→ What you have to do:
Only the lines from the one containing "Светодиодная лампа MTF" through the last line of the material should be copied, exactly as written and without pictures.

→ Dataset content:
= = = = =

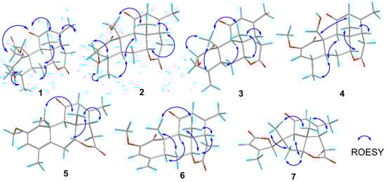 Key ROESY correlations of compounds 1–7.
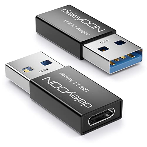 deleyCON USB C Adapter USB 3.0 (2 Stycken) 5Gbit/s USB-C till USB-A, för Laddningskabel Datakabel Laddare, för iPhone 16 15, IPad, Airpods, Klocka, Galaxy S25/S24/S23, PC, Surfplatta, Notebook - Svart
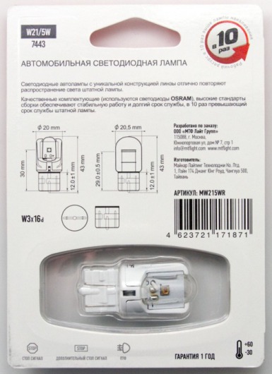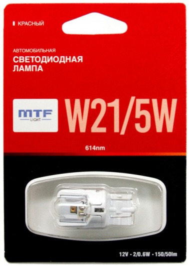 Светодиодная лампа MTF Light W21/5W 2/0.6W с уникальной конструкцией линзы отлично повторяет распространение света штатной лампы. Цвет свечения автолампы: красный.
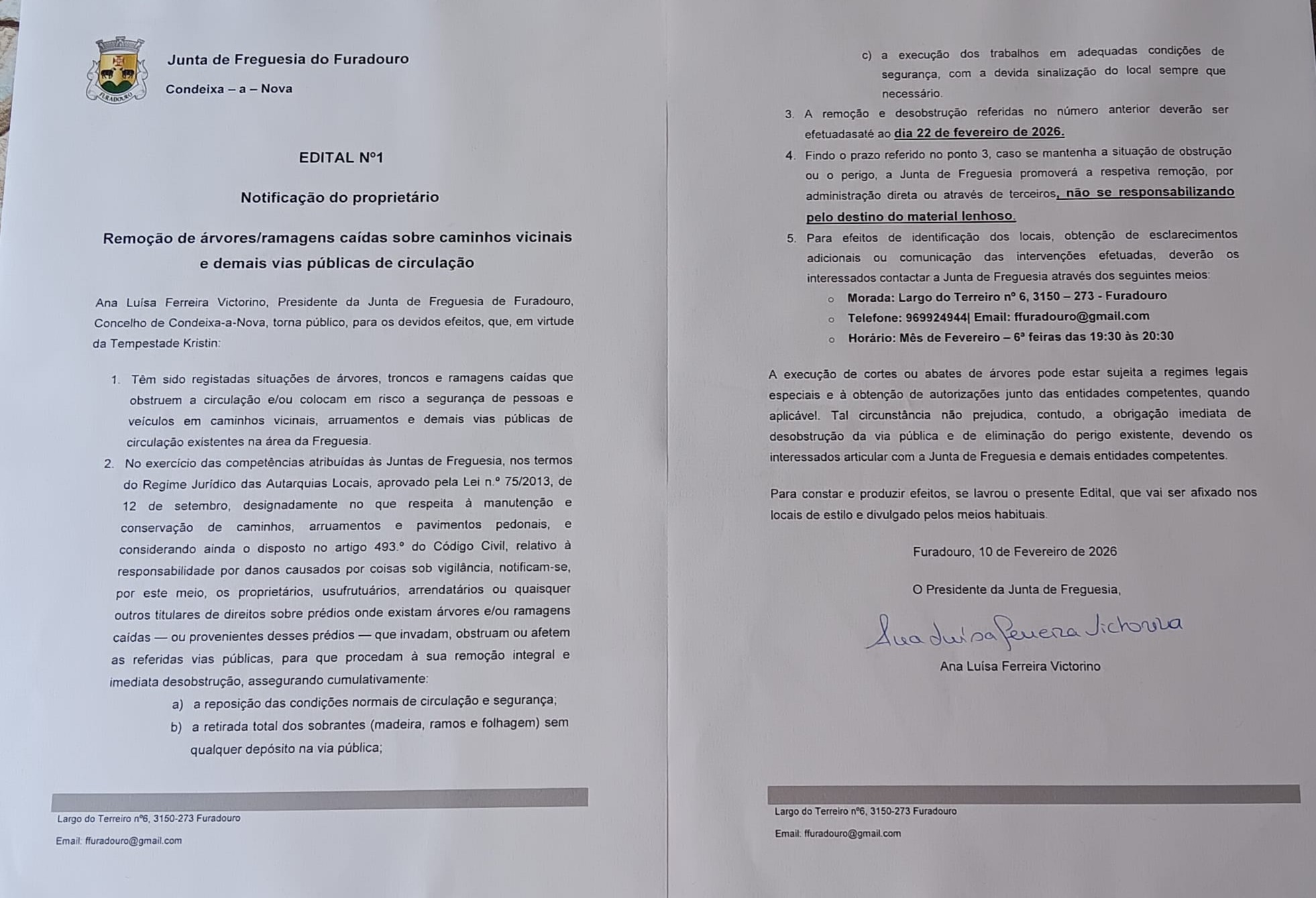 Conto convosco, tal como podem contar comigo, para continuarmos a cuidar da nossa terra com união, respeito e espírito de comunidade.

= = = = =

→ Your solution:
 Светодиодная лампа MTF Light W21/5W 2/0.6W с уникальной конструкцией линзы отлично повторяет распространение света штатной лампы. Цвет свечения автолампы: красный.
 Conto convosco, tal como podem contar comigo, para continuarmos a cuidar da nossa terra com união, respeito e espírito de comunidade.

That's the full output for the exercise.